If each of us could choose the time and place of our birth – the when and where – I would guess the list of those opting for “1822, Whitechapel” would not be a long one. Notorious for centuries as the most deprived and dangerous area of London, Whitechapel would reach its pinnacle of infamy sixty-six years hence for the serial murders committed by Jack the Ripper, but though he had yet to be born (in another ghetto a thousand miles away in Poland) the grim conditions needed to propagate his Autumn of Terror were already in place.
Whitechapel, circa 1890
It was into this impoverished environment that Arthur Wood was born. Luckily for Arthur, his father was a hardworking man who, by 1840, had managed to drag his young family out of East London to set up home in the more cheerful environs of Charing Cross, enabling his son to go to school and study law. By the time he turned fifty, Arthur Wood was a successful barrister living in suburban Islington with his wife and four daughters. Arthur Wood’s success afforded his girls the sort of opportunities denied to the seventy-six thousand people still struggling just to stay alive back in Whitechapel.
Like so many young middle class Victorian women, Catherine, Emily, and Ursula Wood chose to study art but unlike some they possessed real talent, especially the youngest daughter Ursula who, in 1886, was accepted at the prestigious St. John’s Wood Art School. Here she became a pupil of its founder Abelardo Alvarez Calderón, and of two Royal Academicians in William Frederick Yeames (painter of ‘And When Did You Last See Your Father?’) and Lawrence Alma Tadema, an illustrious and rigorous trio who certainly put their pupils through it.
Students at St. John’s Wood Art School, circa 1890
This was no part-time sketching class for the amusement of young ladies of leisure. The students at St. John’s Wood worked from 10am to 5pm, Monday through to Saturday, initially focusing on drawing from the Antique (typically Greco-Roman sculpture) before moving on to still life and miniature painting, and finally to the drawing of life models. The school also attached great importance to its classes on perspective and composition, at which Ursula Wood always excelled.
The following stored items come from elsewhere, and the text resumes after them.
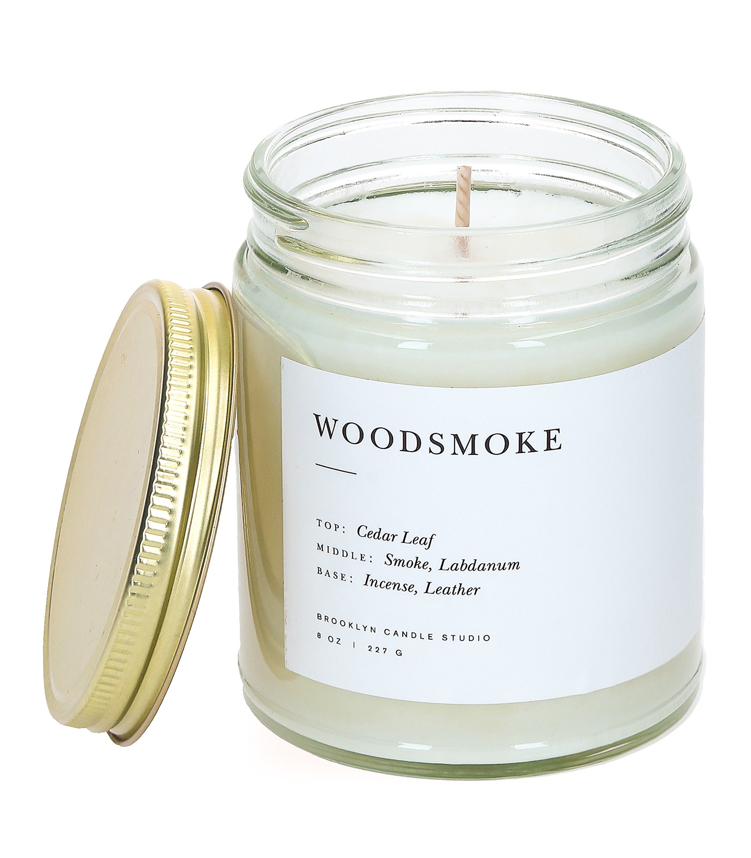 Bougie végétale parfumée Minimalist Woodsmoke de la maison américaine Brooklyn Candle, le réconfort de la senteur d'un feu de cheminée. Ses notes chaudes de feuilles de cèdre, de labdanum, d'encens et de cuir. Cette bougie est une carresse et donne l'impression d'être lové dans une couverture.
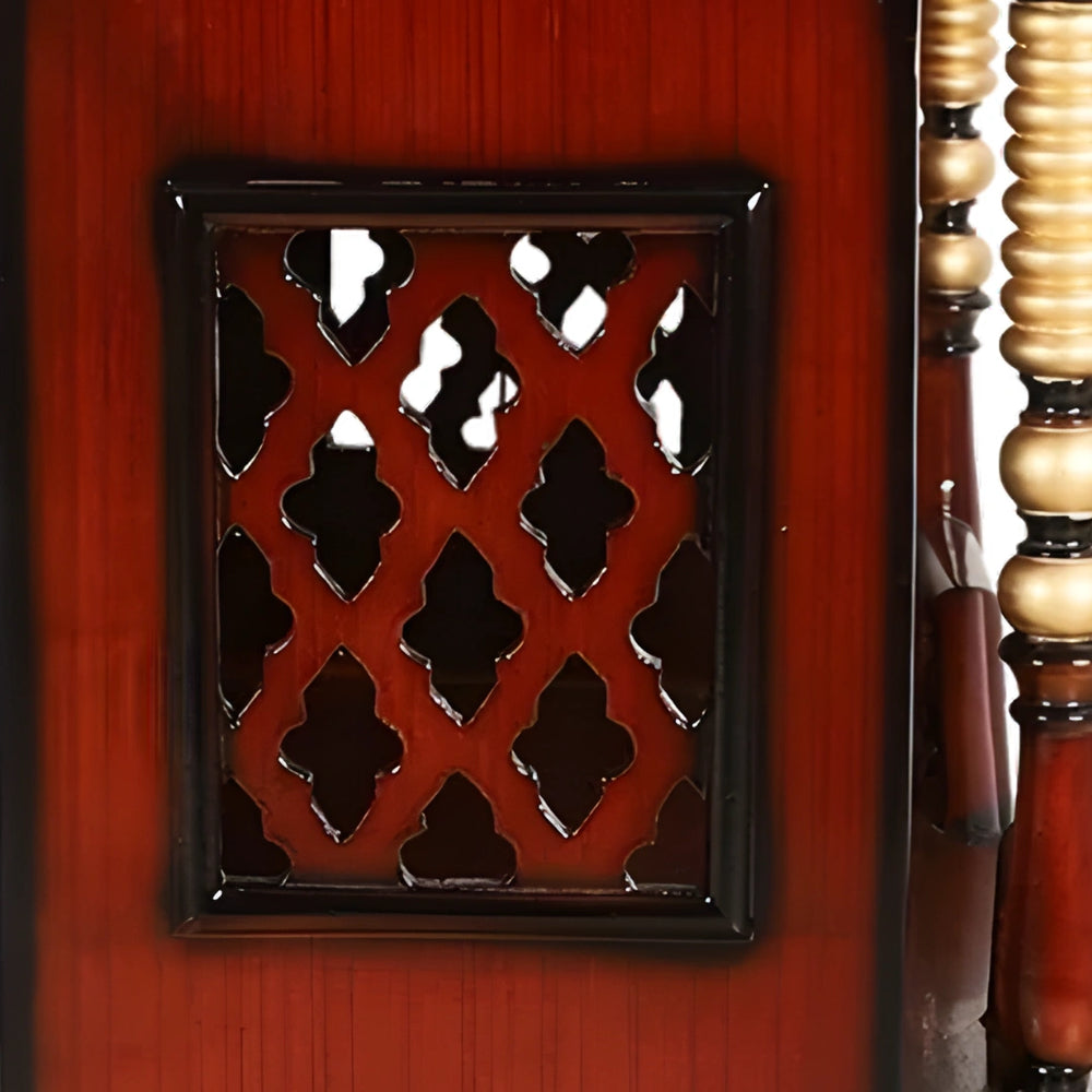 This beautiful wooden pooja mandir is handcrafted by skilled artisans that bring a touch of spirituality and a traditional look to your house. The pooja mandir has finely designed intricate jali patterns design in the front and the sides that give this home temple a timeless look. The aesthetic wooden railing at the front of the temple embraces the overall appearance of this wooden temple. this home temple is a combination of beauty and functionality, made from 100% teak. This temple is a masterpiece of artistic craftsmanship that brings a spiritual and traditional essence to your home.
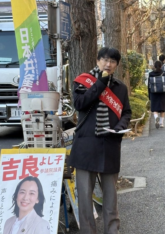 危険な暴走政治ストップ  金子区議は21日朝、根津駅頭で「議員定数削減を許せば裏金議員だけの国会になってしまう」と訴え「断固阻止する広範な共同を」と呼びかけ「自民・維新の連立、悪政推進の〝反動ブロック〟に正面から対決する ...
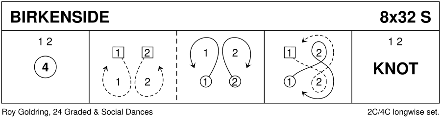 1-8 : 1s+2s circle 4H round & back 9-16 : 1L+2L cross between partners & cast back to places, 1M+2M repeat 17-24 : 1s dance Fig of 8 round 2s 25-32 : 1s+2s dance the Knot

Although her two elder sisters had talent it was Ursula who was the real star, not only of the Wood family but of her year at St. John’s Wood. Following the lead of the established London academies run by Henry Sass and Thomas Heatherley, the principal aim of the college was to prepare its most promising students for entry into the Royal Academy Schools. Ursula Wood passed her probationary exam and became a fulltime student of the Royal Academy in 1888. During her time at Burlington House she won the Turner Medal, the first time the honour had ever been awarded to a woman and, in 1890, made her debut at the annual Royal Academy Exhibition where she would continue to have her work shown for the next three decades.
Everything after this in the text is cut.